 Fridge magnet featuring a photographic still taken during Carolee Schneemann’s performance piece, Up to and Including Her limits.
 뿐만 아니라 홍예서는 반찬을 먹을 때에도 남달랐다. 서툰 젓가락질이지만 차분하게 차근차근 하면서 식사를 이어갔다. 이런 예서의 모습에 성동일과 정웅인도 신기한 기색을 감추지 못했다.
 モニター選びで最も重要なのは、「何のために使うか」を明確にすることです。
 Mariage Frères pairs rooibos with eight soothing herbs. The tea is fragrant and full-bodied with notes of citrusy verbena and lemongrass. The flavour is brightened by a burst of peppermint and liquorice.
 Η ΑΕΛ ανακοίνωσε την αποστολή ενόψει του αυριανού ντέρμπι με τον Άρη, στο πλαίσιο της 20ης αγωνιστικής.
---
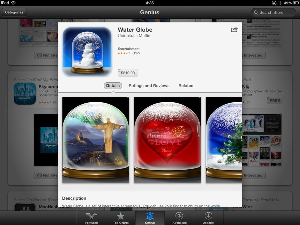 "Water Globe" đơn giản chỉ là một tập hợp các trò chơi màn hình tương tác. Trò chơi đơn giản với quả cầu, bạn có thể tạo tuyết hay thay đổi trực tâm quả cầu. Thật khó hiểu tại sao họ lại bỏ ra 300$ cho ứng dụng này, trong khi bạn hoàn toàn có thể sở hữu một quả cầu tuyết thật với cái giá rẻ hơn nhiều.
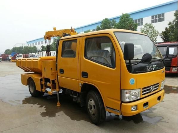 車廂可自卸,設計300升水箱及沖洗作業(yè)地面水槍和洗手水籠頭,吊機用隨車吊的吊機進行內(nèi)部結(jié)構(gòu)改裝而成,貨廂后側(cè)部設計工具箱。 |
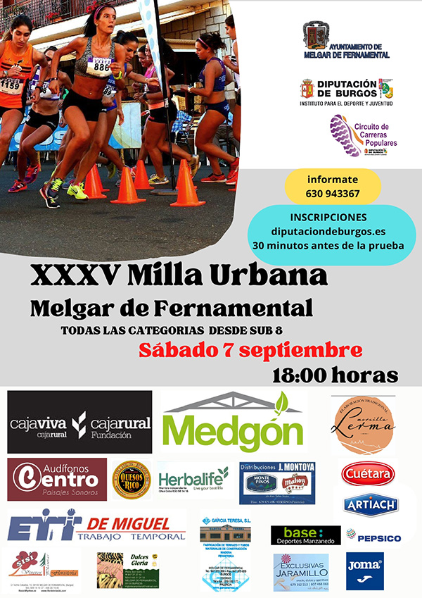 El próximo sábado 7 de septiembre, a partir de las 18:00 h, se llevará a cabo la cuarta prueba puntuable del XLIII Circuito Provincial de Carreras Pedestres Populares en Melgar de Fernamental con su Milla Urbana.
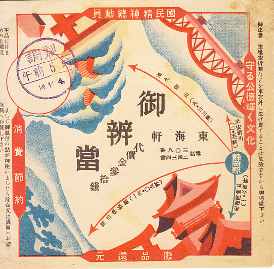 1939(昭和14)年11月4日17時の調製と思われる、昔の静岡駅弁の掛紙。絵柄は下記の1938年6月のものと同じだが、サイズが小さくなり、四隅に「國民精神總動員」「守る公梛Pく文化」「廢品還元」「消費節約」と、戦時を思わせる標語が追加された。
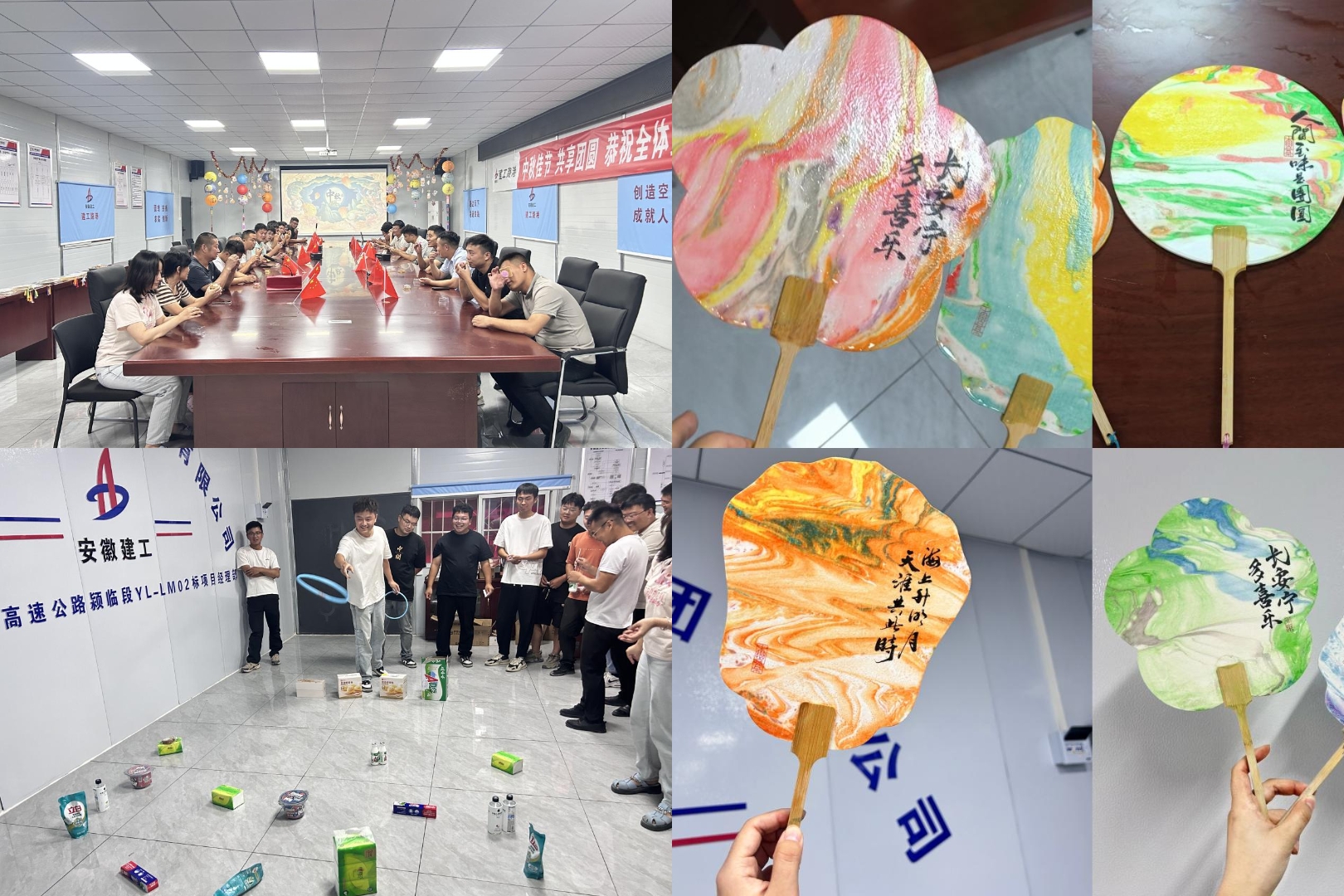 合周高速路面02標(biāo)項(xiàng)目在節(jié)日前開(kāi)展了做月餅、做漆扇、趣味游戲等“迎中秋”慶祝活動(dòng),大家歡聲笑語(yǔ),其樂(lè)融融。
---
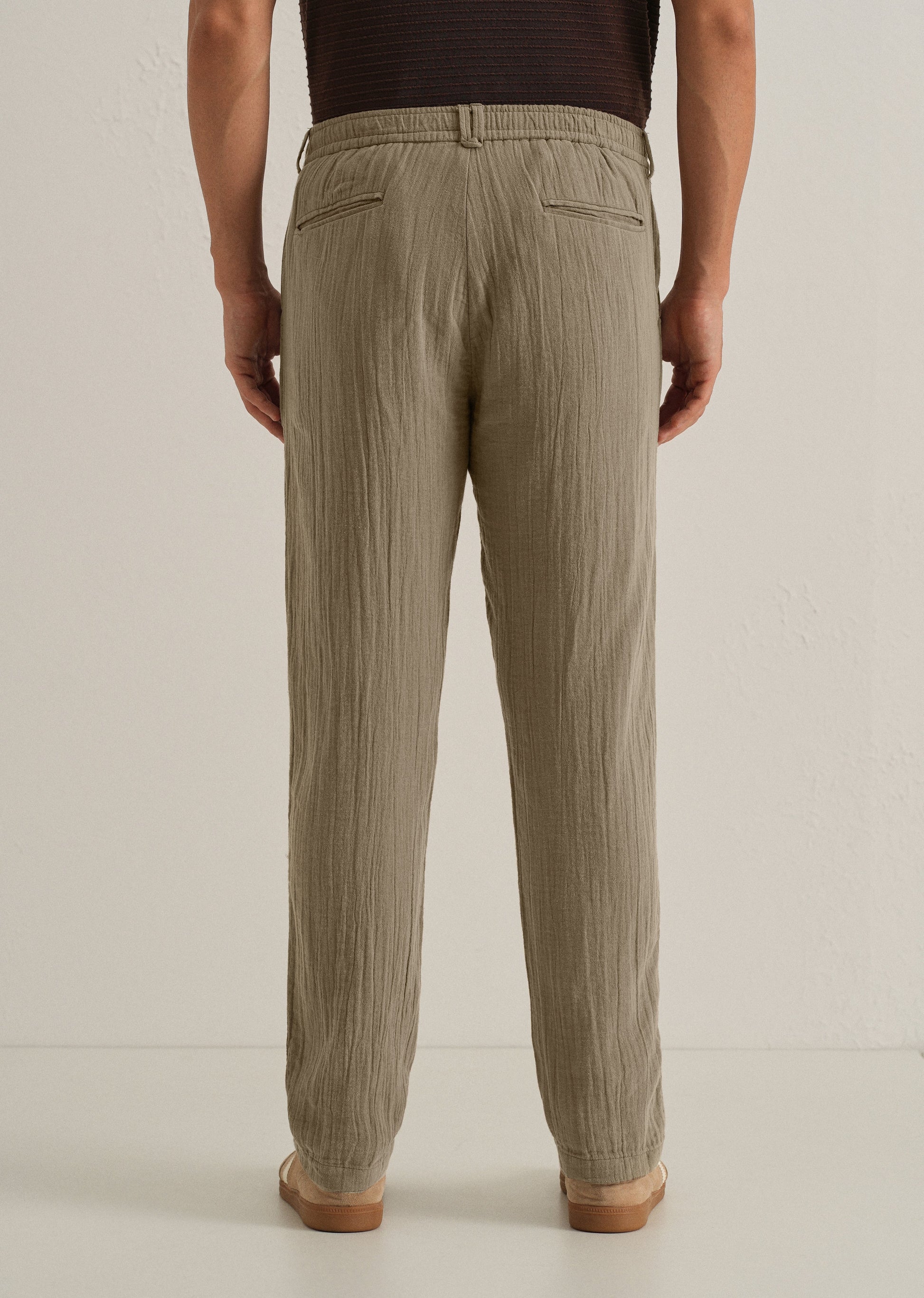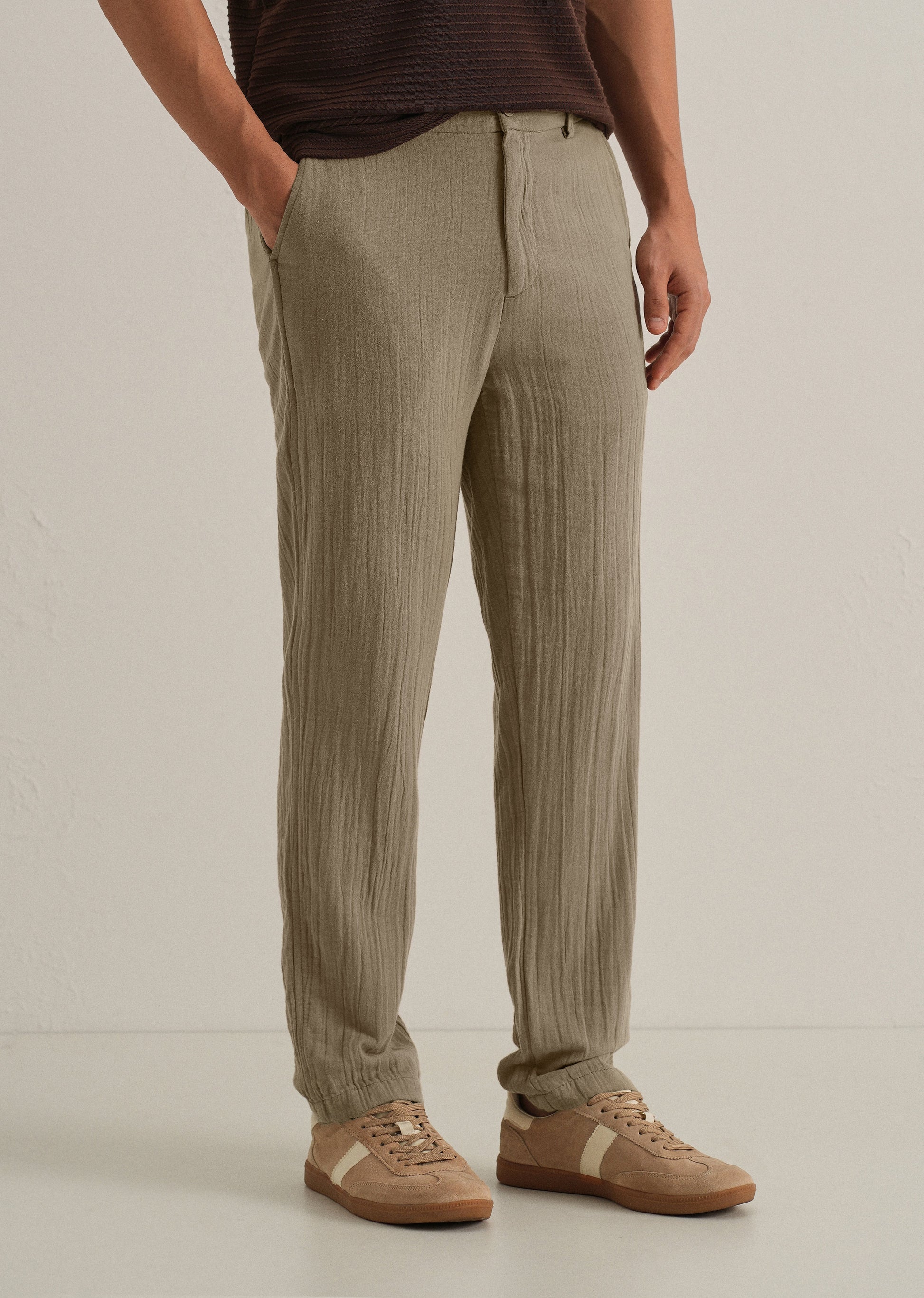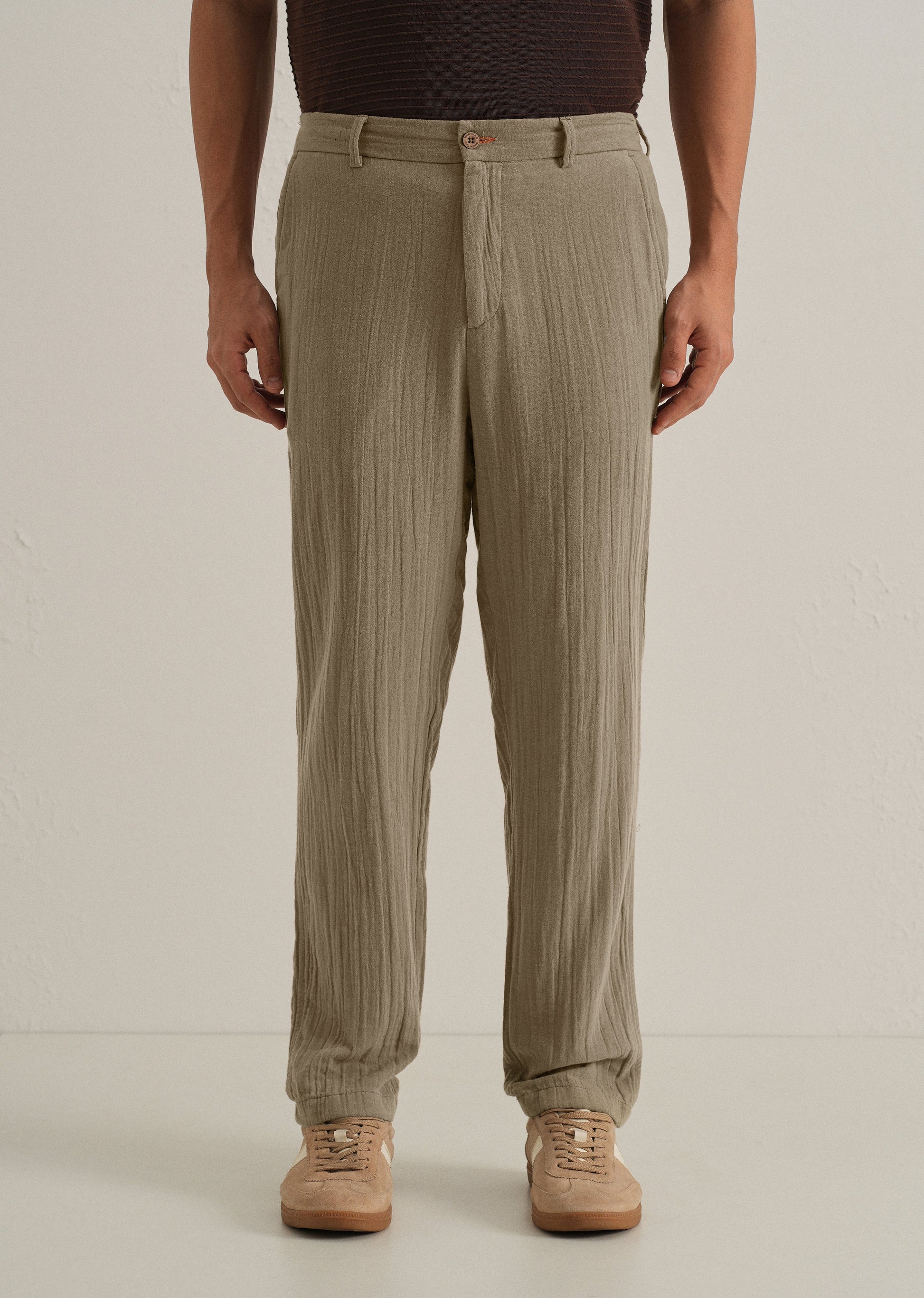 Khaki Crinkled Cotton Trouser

→ **Task instructions**: Retype, exactly and in full, the lines above from the one containing "Fridge magnet featuring" through the one containing "モニター選びで最も重要なのは、「何のために使うか」を明確にすることです。".

→ **Exercise response**:
 Fridge magnet featuring a photographic still taken during Carolee Schneemann’s performance piece, Up to and Including Her limits.
 뿐만 아니라 홍예서는 반찬을 먹을 때에도 남달랐다. 서툰 젓가락질이지만 차분하게 차근차근 하면서 식사를 이어갔다. 이런 예서의 모습에 성동일과 정웅인도 신기한 기색을 감추지 못했다.
 モニター選びで最も重要なのは、「何のために使うか」を明確にすることです。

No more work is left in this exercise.